### Supplied data
_ _ _ _
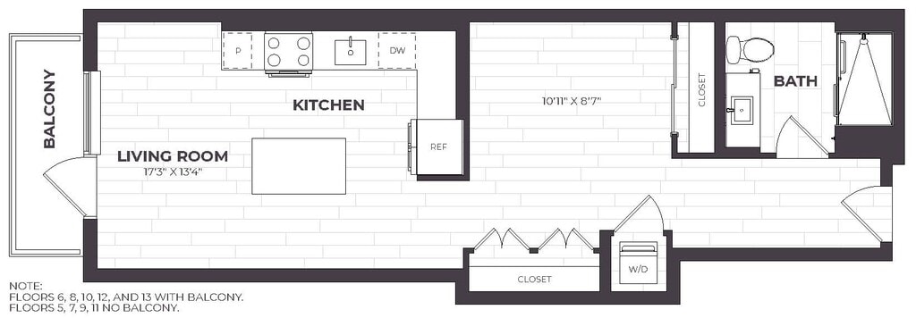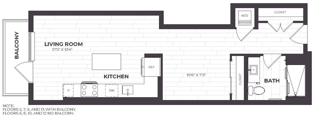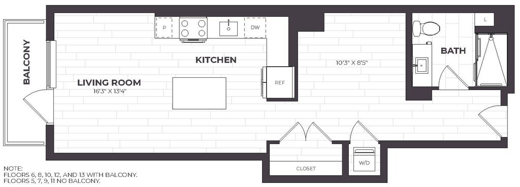 Estudio, 1 Baño, 605 pies²Disponible AhoraGalería del Modelo
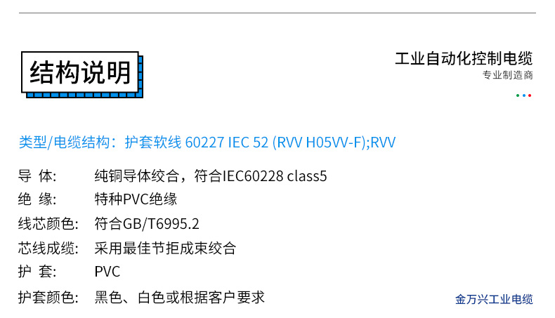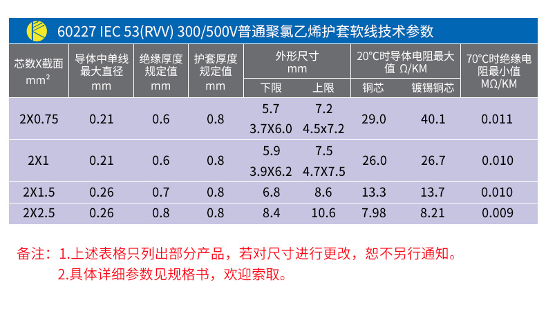 类型/电缆结构护套软线 60227 IEC52 (RVV H05VV-F);RVV
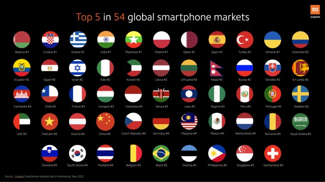 Xiaomi luôn cố gắng chia nhỏ thị trường của mình và cách làm này dường như đang mang lại hiệu quả. Hãng đã ghi nhận doanh thu ở các thị trường ngoài nước lần đầu tiên chiếm hơn một nửa tổng doanh thu (55%).
_ _ _ _
### Your assignment
Please retype the material above exactly, and omit its images.

### Response
 Estudio, 1 Baño, 605 pies²Disponible AhoraGalería del Modelo
 类型/电缆结构护套软线 60227 IEC52 (RVV H05VV-F);RVV
 Xiaomi luôn cố gắng chia nhỏ thị trường của mình và cách làm này dường như đang mang lại hiệu quả. Hãng đã ghi nhận doanh thu ở các thị trường ngoài nước lần đầu tiên chiếm hơn một nửa tổng doanh thu (55%).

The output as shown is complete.